Multiscaling a Graph-based Dataspace
Keywords:
multiscale, dataspace, data integrationAbstract
Biologists increasingly need a unified view to understand and discover relationships among data elements scattered along data sources with different levels of heterogeneity.
Existing approaches usually adopt ad-hoc heavyweight integration strategies, requiring a costly upfront effort involving a monolithic chain of steps to handle specific formats/schemas, with low or no reuse.
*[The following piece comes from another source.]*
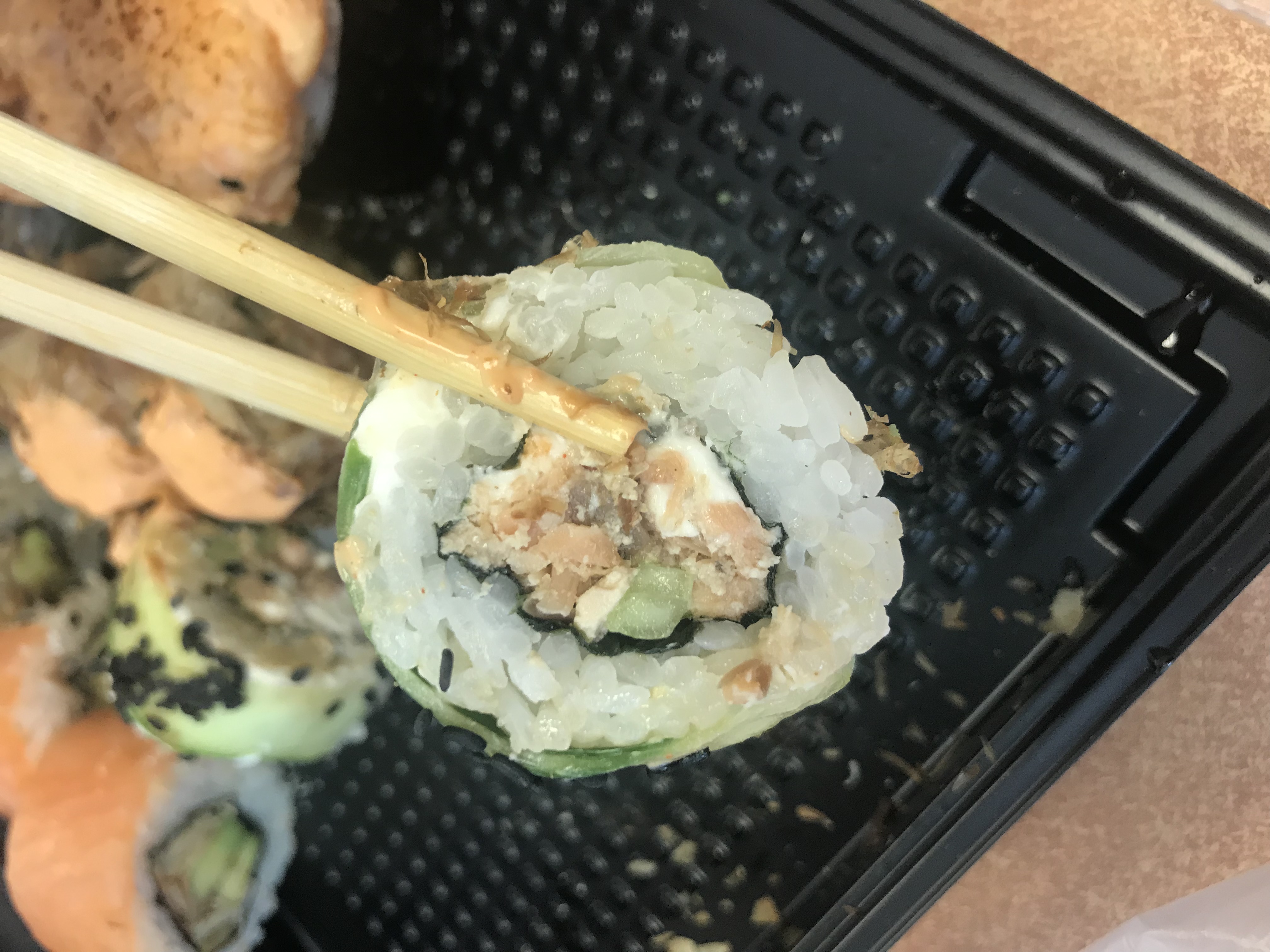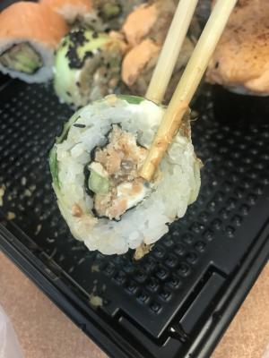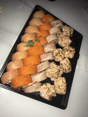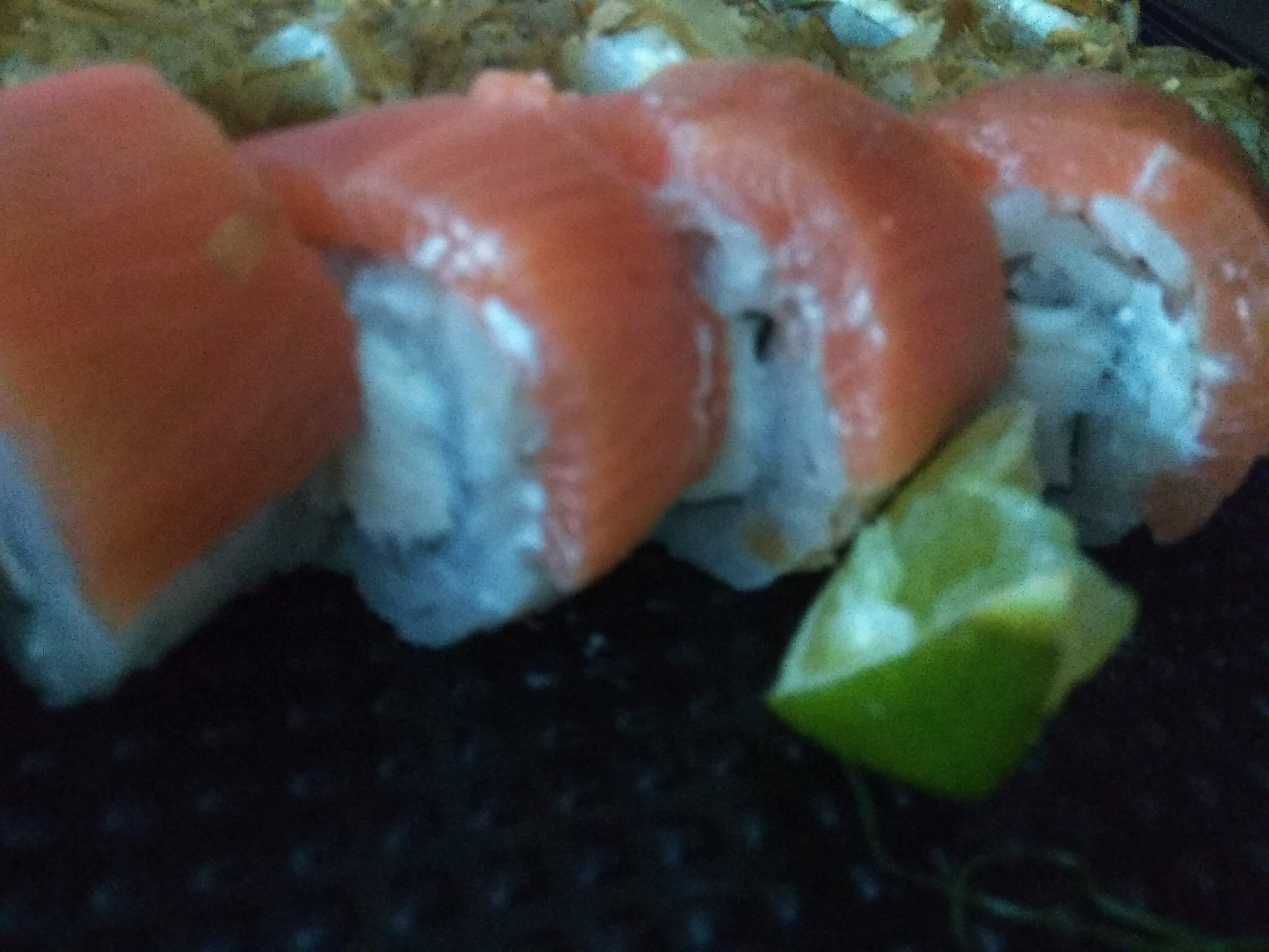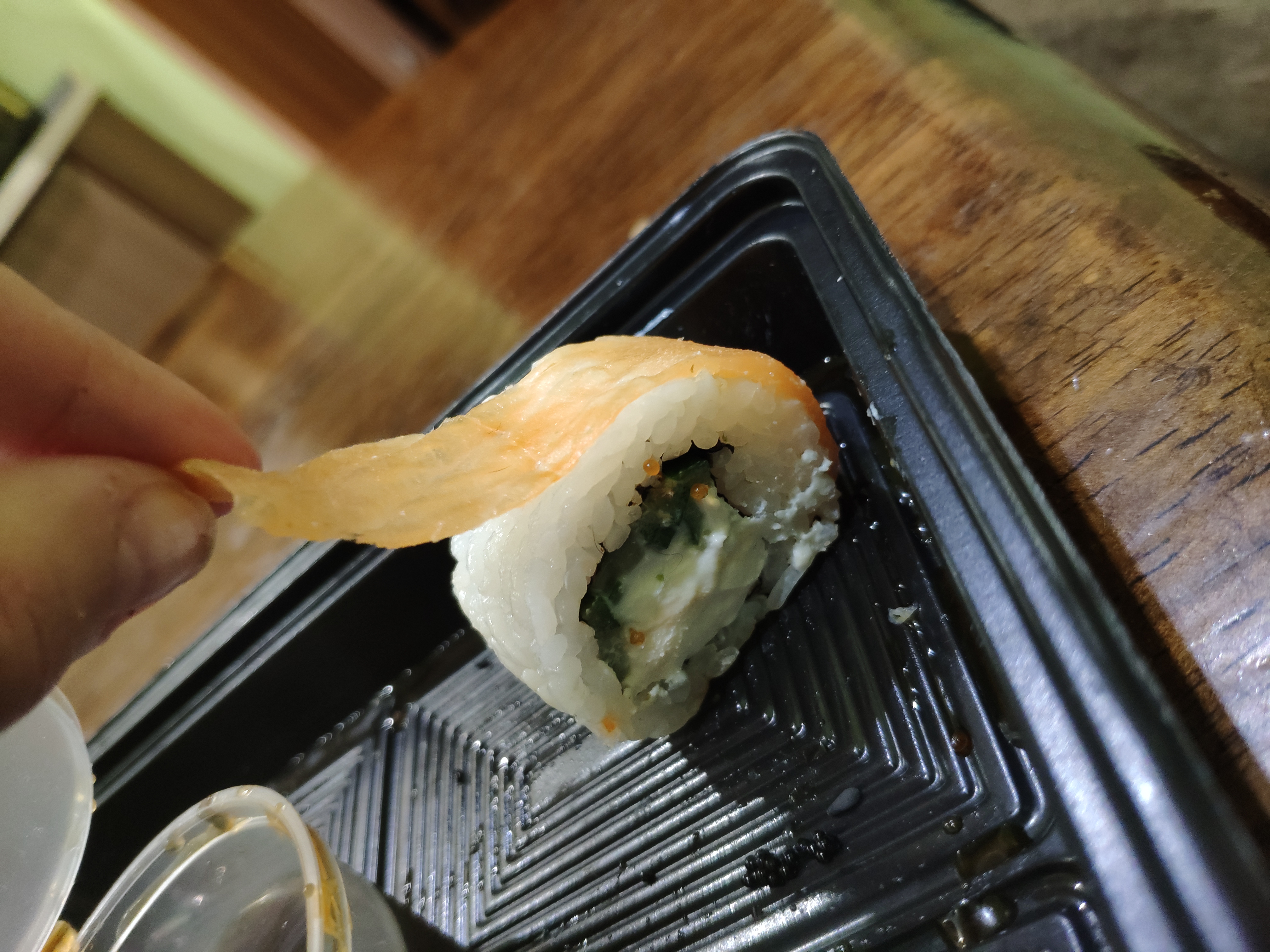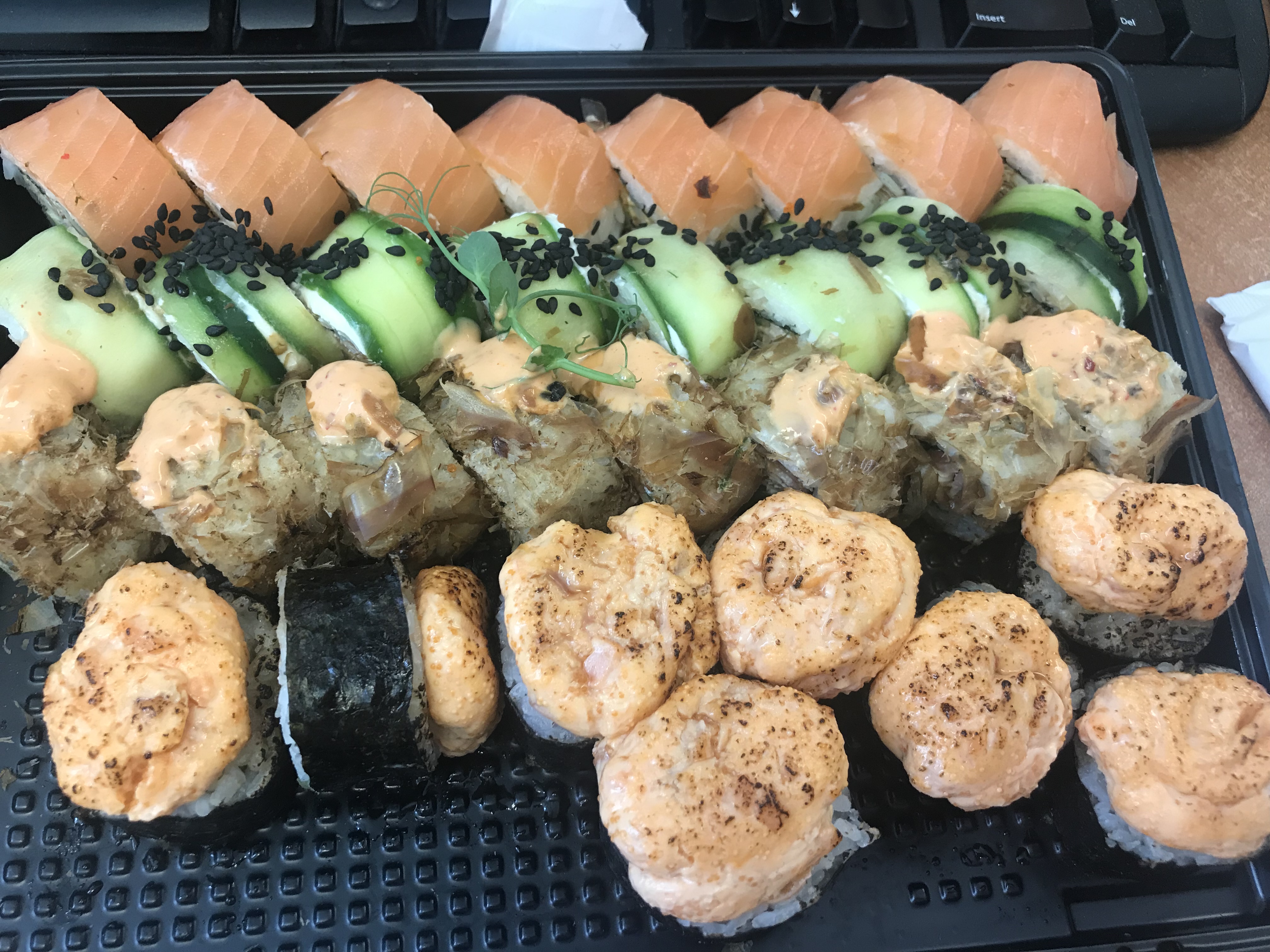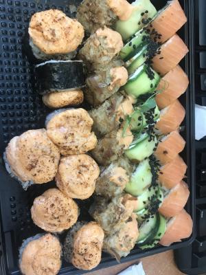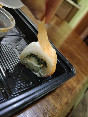 Состав: лосось, огурец, сливочный сыр, соус спайси, кунжут кимчи, соус терияки, кляр, сухари панко

Based on several previous work on data integration for data analysis, this work discusses the conception of a multiscale-based dataspace architecture, called LinkedScales. It departs from
the notion of integration-scales within a dataspace, and defines a systematic and progressive integration process via graph-based transformations over a graph database. LinkedScales aims to provide a homogeneous view of heterogeneous sources, allowing systems to reach and produce different integration levels on demand, going from raw representations (lower scales) towards ontology-like structures (higher scales). Although the proposed framework can be extended to several scenarios, this work focuses on the biology domain addressing the organism-centric analysis scenario. This paper details inner aspects of the architecture and its transformation process and introduces the Multiscale Transformation Graph, which tracks the transformation process among scales, enabling traceability. Obtained results reveal the viability of the framework and its implementation to integrate relevant resources for the organism-centric domain.